Por isso que mesmo que eu tivesse feito uma faculdade diferente, sempre tive uma empatia muito grande em relação a crianças. Esse entendimento de que quando ela faz birra, não é só isso. Tudo tem o por que se olharmos bem atentamente.

Maya no momento me testava ao pregar peças. E peças que olha, se eu não tivesse feito coisas parecidas ou iguais, teria já pensado em esganar essa linda pestinha.

— Maya! Não adianta fazer a pegadinha da porta comigo. Eu consigo ver o balde de água suja ali em cima! — Digo perto da porta do quarto de braços cruzados.

Ouço um barulho antes que a pequena apareça com os olhos bonitos cheios de travessura e um pouco de culpa.

— Como você sabia que ele estava ali? Quase ninguém vê.

Quase quis revirar os olhos.

— Esse truque é antigo, e eu já fiz muito dele antes com algumas freiras.

Ela me olha curiosa, no alto dos seus sete anos.

— Freiras? De onde você veio?

— Vem comigo que eu te conto, mas sem pegadinhas! Ou vou pregar algumas em você também! Me entendeu?

Ela balança a cabeça e se espreme entre o vão do quarto e da porta para o balde não cair nela. Fico na ponta dos pés e tiro o balde de lá, evitando algum outro desastre por aí.

Coloco o balde no canto e levo a pequena em direção a biblioteca, onde sentamos no sofá, uma de frente pra outra.

— Eu fui deixada quando bebê na porta de um orfanato, e fui criada pelas freiras de lá até encontrar minha família.

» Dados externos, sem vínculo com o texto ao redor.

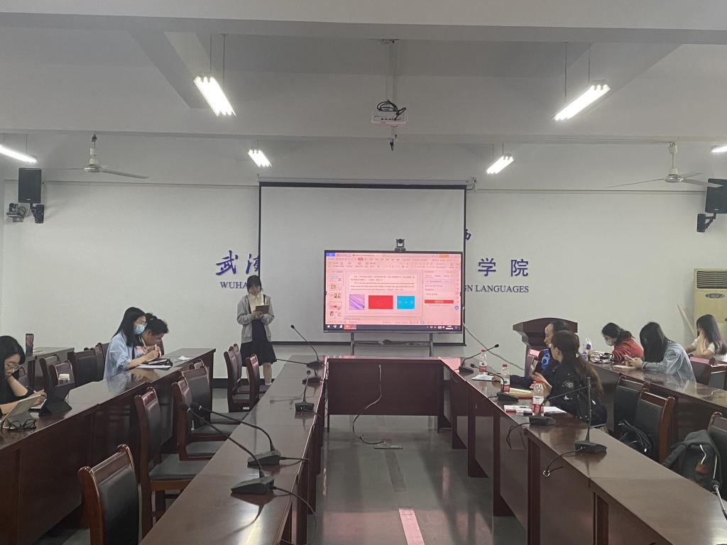 第二位汇报人吴静雯同学分享的主题是顺应论视域下的儿童文学翻译——以《杀死一只知更鸟》为例。她从作者、故事内容和主要人物三方面介绍了这本小说,然后向同学们讲解顺应论的相关知识,最后结合自译分析了高红梅、李超育译本的优点和缺点。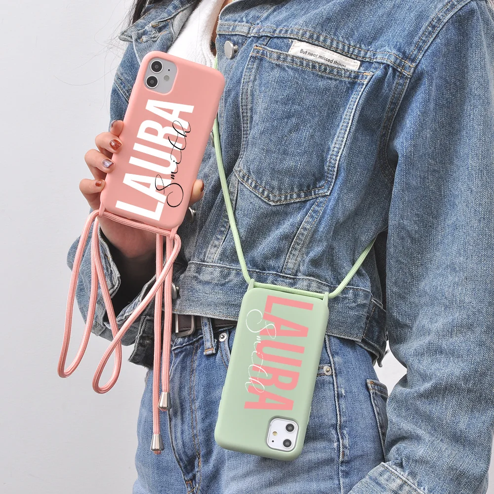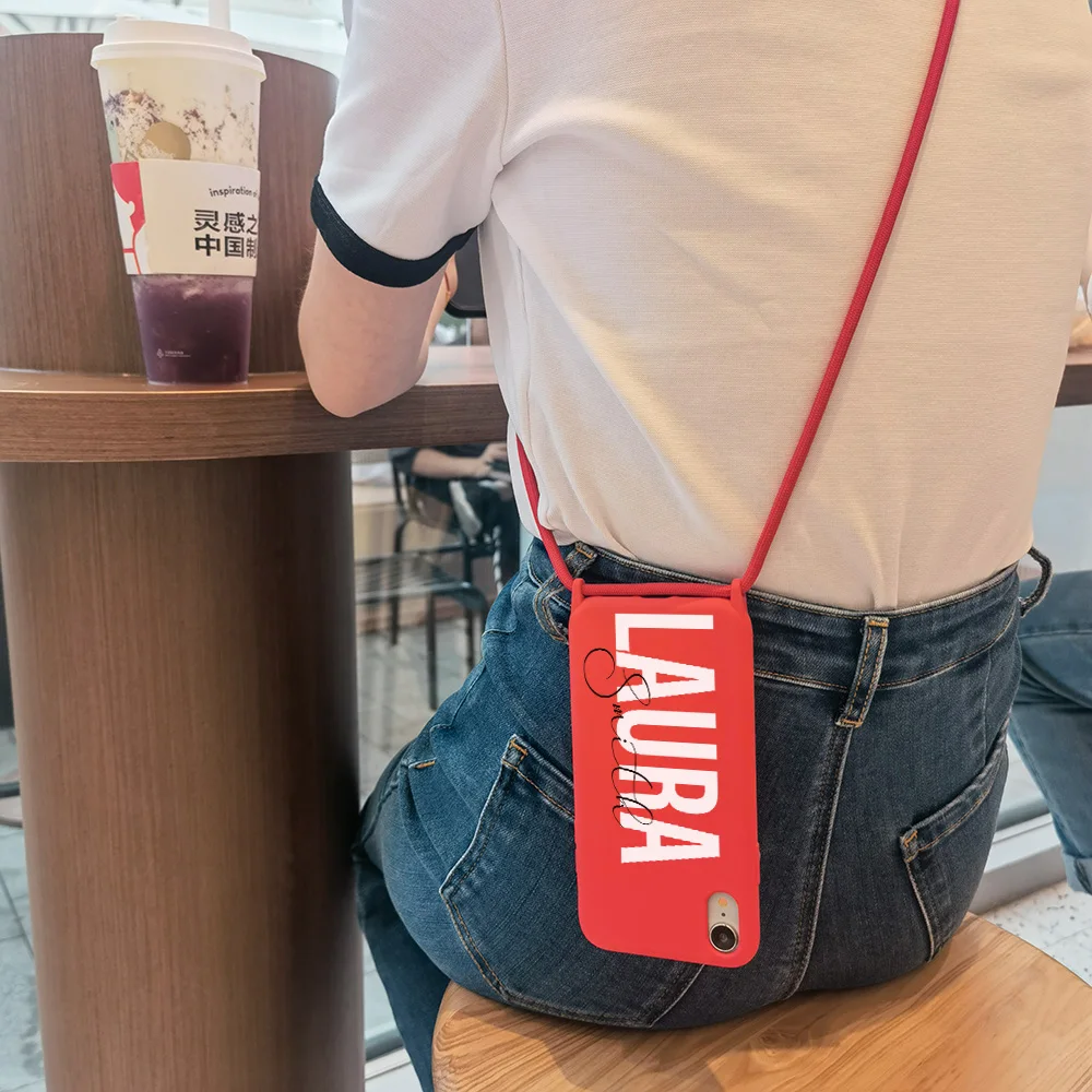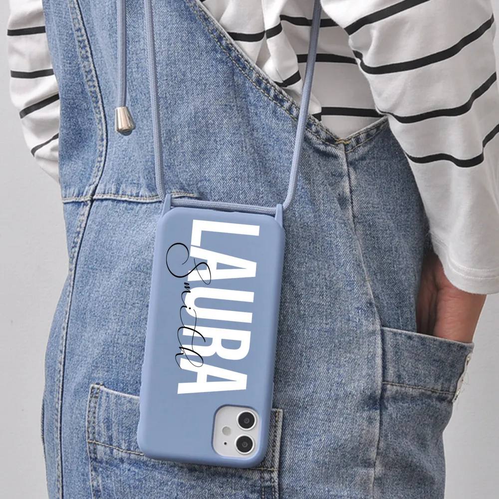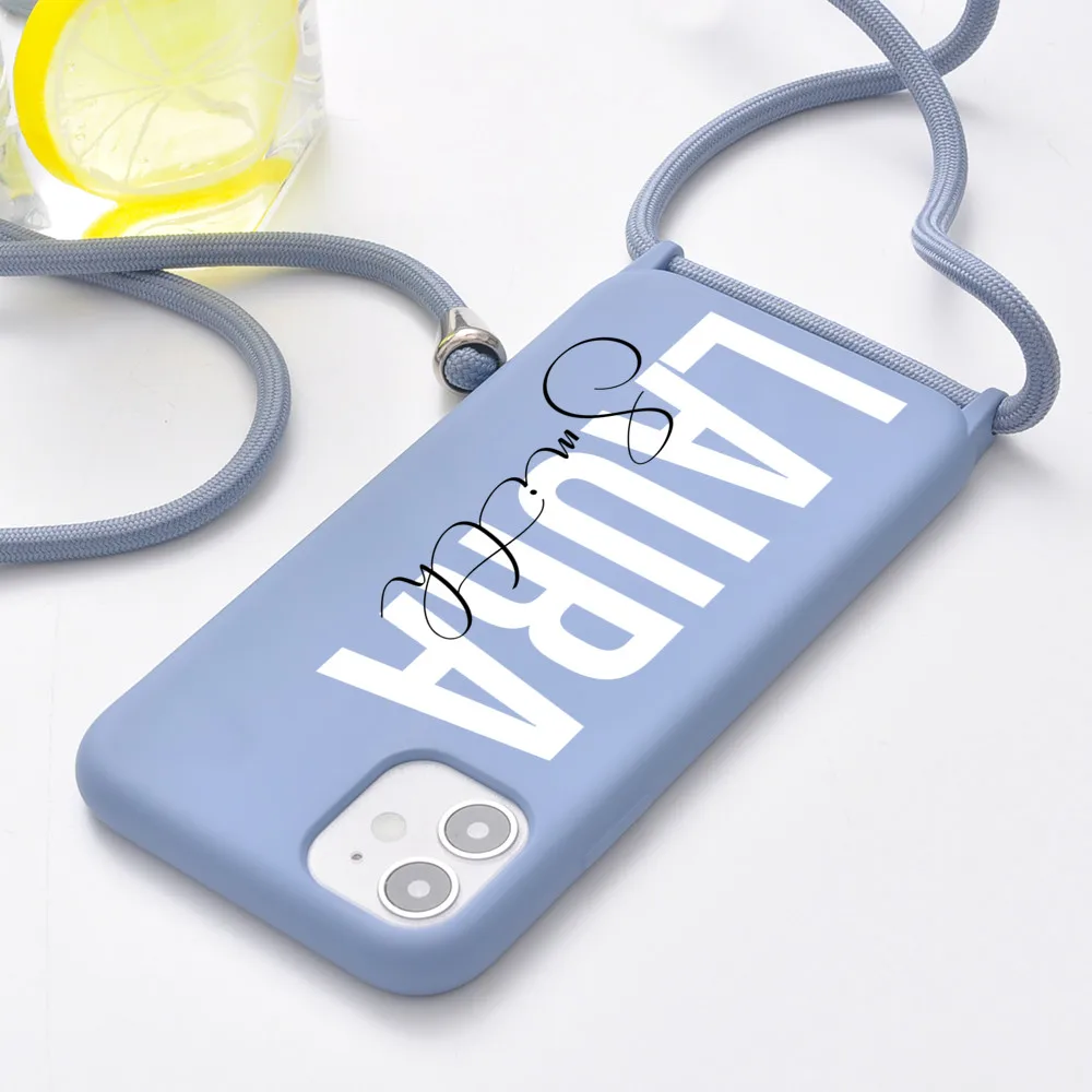 Оригинальный силиконовый чехол с ремешком для iPhone 12, 11 Pro Max, 7, 8 Plus, 10, X, XR, XS, SE 2020, с именем на заказ

— Como assim? Quem te deixou lá?

Suspiro antes de contar toda a história. Agora era mais fácil pra mim, mas contar pra uma criança pequena as complexidades de ser uma criança que já foi não quista, pode não ser fácil.

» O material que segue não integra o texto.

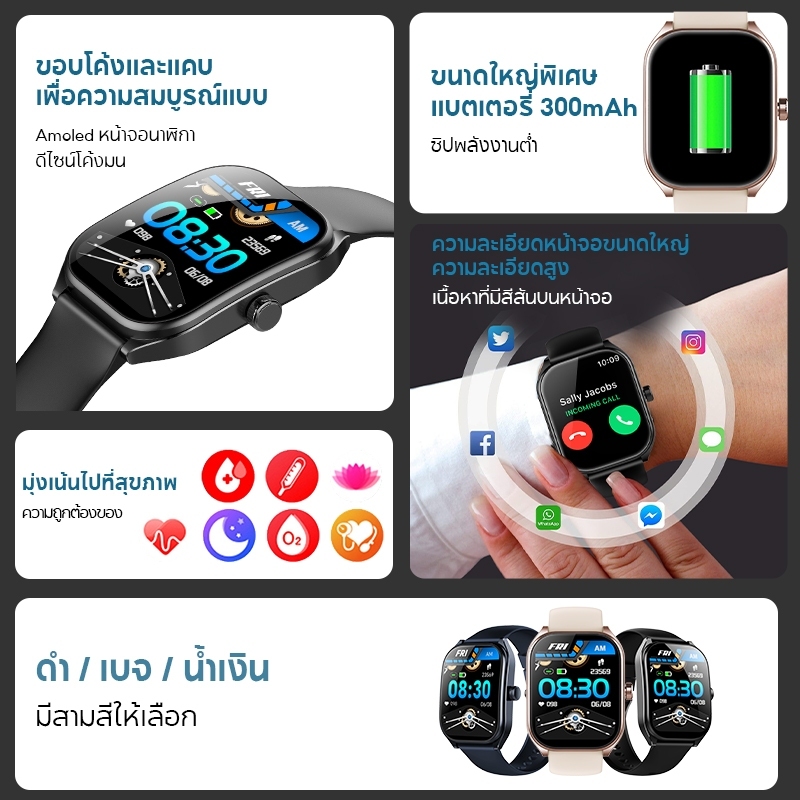 Aolon Curve สมาร์ทวอทช์ หน้าจอโค้ง HD 2.01 " 100+ โหมดกีฬา กรอบโลหะผสมสังกะสี อัตราการเต้นของหัวใจ ออกซิเจนในเลือด การตรวจจับการนอนหลับ ก้าววิ่ง

— Minha família me abandonou ainda bebê lá. Eu fiquei no orfanato desde então a espera de ser adotada, mas muitos casais já queriam filhos de jeitos específicos e eu não me encaixava. Fui ficando e as freiras continuavam a me criar até que um dia, a minha mãe adotiva finalmente apareceu e deu um lar para mim e para a minha irmã de alma.

Seu rostinho enruga.

— Irmã de alma? Como assim?

— É que a Sara também estava no mesmo orfanato que eu. Nos tornamos amigas muito jovens e essa amizade virou uma irmandade. Era uma com a outra pra tudo e contra tudo.

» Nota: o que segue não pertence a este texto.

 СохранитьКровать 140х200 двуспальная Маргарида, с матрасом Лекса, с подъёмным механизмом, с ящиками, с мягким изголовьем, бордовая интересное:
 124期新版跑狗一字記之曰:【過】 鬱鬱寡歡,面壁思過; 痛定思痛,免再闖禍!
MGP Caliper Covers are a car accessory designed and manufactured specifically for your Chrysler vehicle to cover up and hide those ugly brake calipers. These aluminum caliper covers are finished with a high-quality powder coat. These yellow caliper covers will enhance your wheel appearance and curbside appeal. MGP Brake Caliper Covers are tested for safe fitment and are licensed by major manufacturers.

Ela baixa o rostinho e consigo notar um pouco de mágoa nela.

— Tipo eu e o papai. Acho que a minha mãe também não me quis. Agora somos só eu e o papai contra o mundo.

Ouvir aquilo de uma criança tão pequena partia o meu coração. Era bom que ela soubesse quão importante o pai dela era na vida dela, mas caramba, ela não devia ter essa consciência de rejeição tão nova.

Como eu tive.

Agacho na frente da pequena e tomo sua mão na minha. Sinto uma corrente elétrica passar entre nós, mas ignoro a sensação e a encaro com um sorriso.

— Aprendi que família também pode ser aquela que a gente escolhe. Aqueles que estão sempre com a gente para que não sintamos falta de mais ninguém. Você tem seu pai, sua avó, seus amiguinhos e se parar de pregar peças em mim, tem até eu.

Ela levanta o rostinho com os olhos brilhando. Caramba, não sei o que essa menina tinha que mexia tanto comigo.

— Sério? Sério mesmo? Sério seríssimo?

— Sério seríssimo.

Seus olhos logo se arregalam e ela pula do sofá animada.

— Então agora que você é minha amiga, vamos brincar de pregar peças nos outros.

Agora é a minha vez de arregalar os olhos antes de sair dali com ela.

Agora a missão era tentar fazer com que ela não pregasse peça em mais ninguém enquanto eu estivesse ali.

Se bem que faltava apenas umas duas horas pra acabar meu primeiro dia e acho que a parte mais difícil eu consegui fazer: conquistar a menina.

A parte mais complicada viria a seguir: me esgueirar para procurar pistas.

Estava saindo do quarto para ir atrás da Maya quando ouço um barulho alto e depois um barulho de água caindo.

Merda.

O balde!

— MAYA! – Grito antes de ir em direção ao quarto dela e a vejo parada ali com um sorriso culpado no rosto e seu pai, o gostoso porém arrogante, Dante Lombardi com água suja dos pés a cabeça.

A roupa social colava em seu corpo como uma segunda pele. Ele me olhava com um misto de irritação e zombaria, então resolvi ter menos pena ainda ao lembrar de mais cedo.

Você bem que mereceu, senhor Lombardi.